Ayrıca İstanbul Bomonti’de 250 milyon dolar yatırımla bir turizm tesisi kuruyorlar. 30 dönüm arazinin içinde yer alan ve 1880’lerden kalma tarihi Tekel Bira Fabrikası’nı restore edeceklerini söyleyen Çeçen, “İstanbullulara nostalji yaşatacağız” müjdesini veriyor.

Çeçen, önümüzdeki günlerde, 20 milyon yatırımla tamamladıkları, 400 yat kapasiteli Çeşme marinasını hizmete açacak. Denizden karaya doğru, yeni bir yaşam alanı açma iddiasıyla tasarladıkları marinanın Akdeniz’de cazibe yaratmasını hedefliyorlar.

Havalimanı işletmeciliğinde ise Antalya ile deneyim kazanan grup, Kosova Havaalanı ihalesinin sonuçlarını bekliyor.

Koç’u değil, İzzet Baysal’ı örnek aldı

Geçen yıl, 4100 öğrencinin eğitim gördüğü “Ağrı İbrahim Çeçen Üniversitesi”ni de yine Erdoğan ile birlikte açan Çeçen, ilk gençlik yıllarını geçirdiği toprağı şöyle tanımlıyor:

“Hayatımın yatırımı; benim için tek gelecek, tek haz alacağım yatırım Ağrı Üniversitesi’dir.
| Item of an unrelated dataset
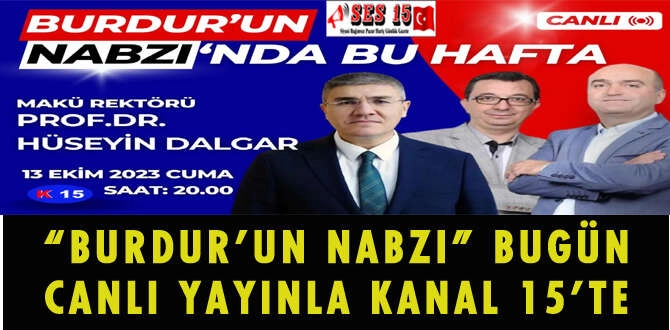 Kanal 15 ekranlarında yayınlanan “Burdur’un Nabzı” programı bugün canlı yayınla Kanal 15 izleyicisi ile buluşuyor. Bilal Karasakal’ın moderatörlüğünü yaptığı “Burdur’un Nabzı” programının canlı yayın konuğu Mehmet Akif Ersoy Üniversitesi Rektörü Prof. Dr. Hüseyin Dalgar olacak. “Burdur’un Nabzı” programında MAKÜ’nün kurulduğu tarihten bu yana gelişimi masaya yatırılacak. MAKÜ’nün eğitim durumu, akademik kadrosu, vizyonu, misyonu, ihtisaslaştığı alanlar ve yürüttüğü projelerin ele alınacağı, Rektör Dalgar’ın konuk olacağı Burdur’un Nabzı programında Burdur Gazeteciler Cemiyeti Başkanı Kürşat Tuncel de yer alacak. Bugün saat 20.00’da Kanal 15 ekranlarında canlı yayınla izleyiciye ulaşacak olan Burdur’un Nabzı programını kaçırmayın, Burdur ve ülke gündemi hakkında güncel konulardan geri kalmayın. MEHMET SEVİNÇ

Ağrılı olmanın ötesinde, oraya yatırımı vicdani bir borç kabul ediyorum. Ağrı Türkiye’nin en fakir ilidir. Kendime İzzet Baysal’ı örnek aldım, onun gibi üniversiteyi yapıp devlete veriyorum. Mütevelli Heyeti’ne isterlerse koyarlar... Koç, Sabancı üniversiteleri gibi eğitimden para kazanmayı hiç düşünmedim. Hangi gelişmişlik endeksine bakarsanız bakın Ağrı en aşağıda yer alıyor: Kişi başına geliri 600 dolar, çocuk ölümlerinde başta, üniversiteye giriş oranlarında en aşağıda; tiyatro, sinema, müze yok! Ağlayan, kanayan bir yer...”
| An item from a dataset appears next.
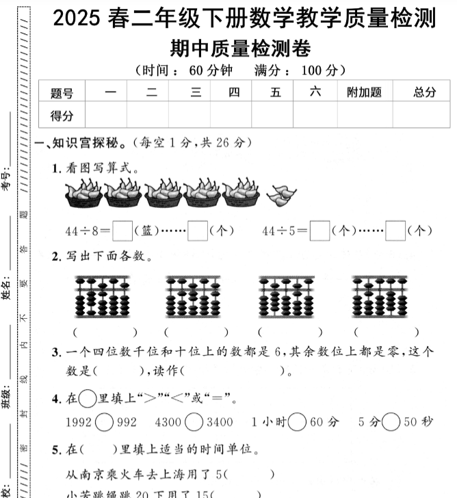 | ⚡️一键快速保存!新版小学二年级数学期中5套密卷(苏教版)抢先下载!高清无水印、答案详解同步打包,备考冲刺高效速取,家长教师抢鲜必备!错过再等一年! | |
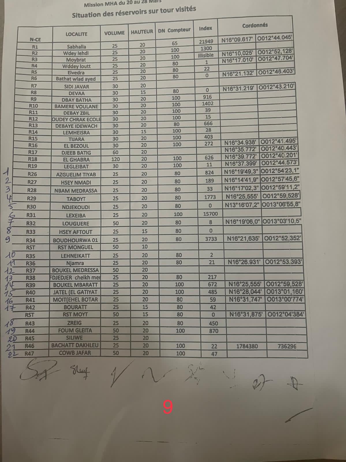 1. ممثل وزارة المياه السيد: أحمد زيدان ولد الطالب مختار، منسق مشروع آفطوط الشرقي، فهو من وقع عقد الملحق الإضافي وهو من ترأس لجنة الاستلام التي لم تذكر أي نقص في كميات مكونات الصفقة بالرغم من قيمتها الفائقة واكتفت ببعض الملاحظات الشكلية.

Üniversitesinin Ağrı’nın ekonomik, sosyal ve kültürel hayatını değiştireceğini iddia eden işadamı hedeflerini de şöyle anlatıyor: “Herkes kavak, söğüt dikmiş; kiraz, elma, ceviz gibi besin ve ekonomik değeri olan ağaçlar dikilmemiş. Rektörümüz 14.000 meyve ağacı dikti, bunların sayısını 200 bine çıkarmayı hedefliyor. Yurtdışına açılan bölge üniversitesi olmak istiyoruz. Ağrı’nın üzerine bir pergel koyup çevirirseniz, 5 ülkeyi kapsar; Çince, Rusça gibi dilleri de öğreteceğiz.”
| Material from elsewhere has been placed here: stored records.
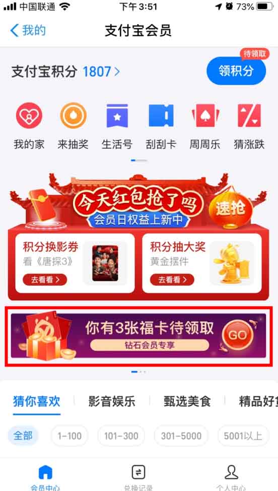 2、在支付宝会员中,向上滑动,可以看到“你有3张福卡待领取”活动,点击即可进入领取福卡。
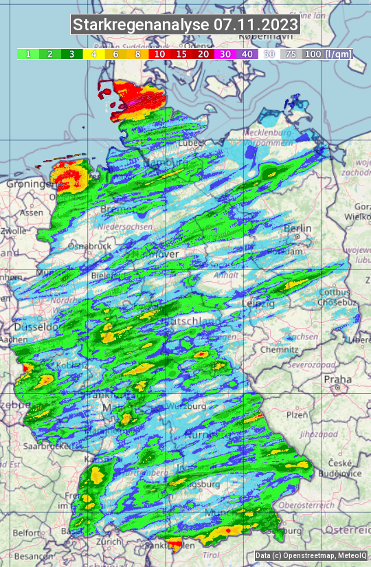 Die Starkregenanalyse zeigt die 24h-Niederschlagssumme am 07.11.2023. Sie basiert auf Radardaten vom Deutschen Wetterdienst in Kombination mit Wetterstationsbeobachtungen.
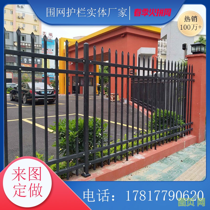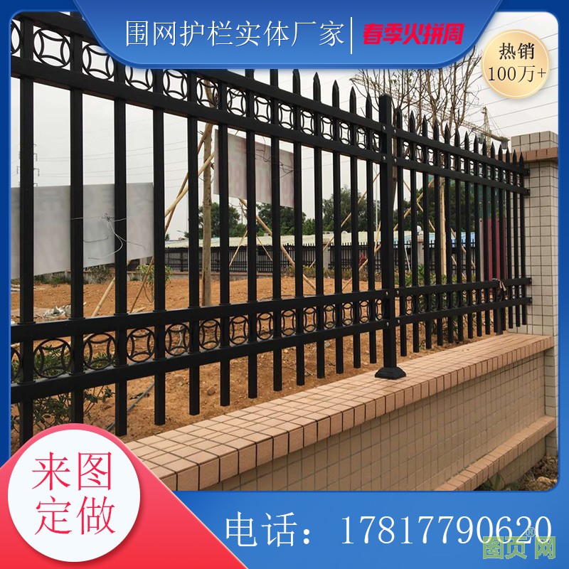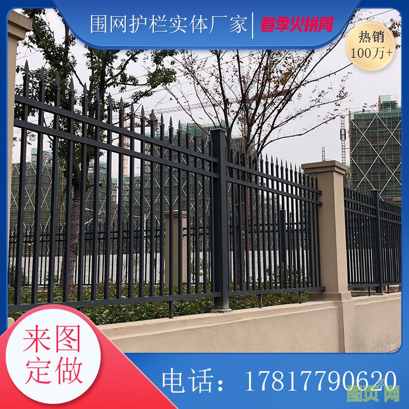 鐵藝護欄的材料以及常見規格與A型鐵藝護欄的一致。兩者的區別就是橫梁的數量不同。

Bayındırlık Müdür Vekili olduğu dönemin Bitlis Valisi ile ters düşmesi sonucunda 26 yaşında devletten ayrılan Çeçen, “İdealim yazar ve siyasetçi olmaktı” diyor. İnşaat mühendisliği eğitimi aldığı sırada Ankara’nın kaldırımlarında ressamların yanında tanesi 25 kuruşa karikatür çizen Çeçen’in eşi Nezahat Çeçen’in bir resim galerisinin olduğunu da bu sayede öğreniyorum.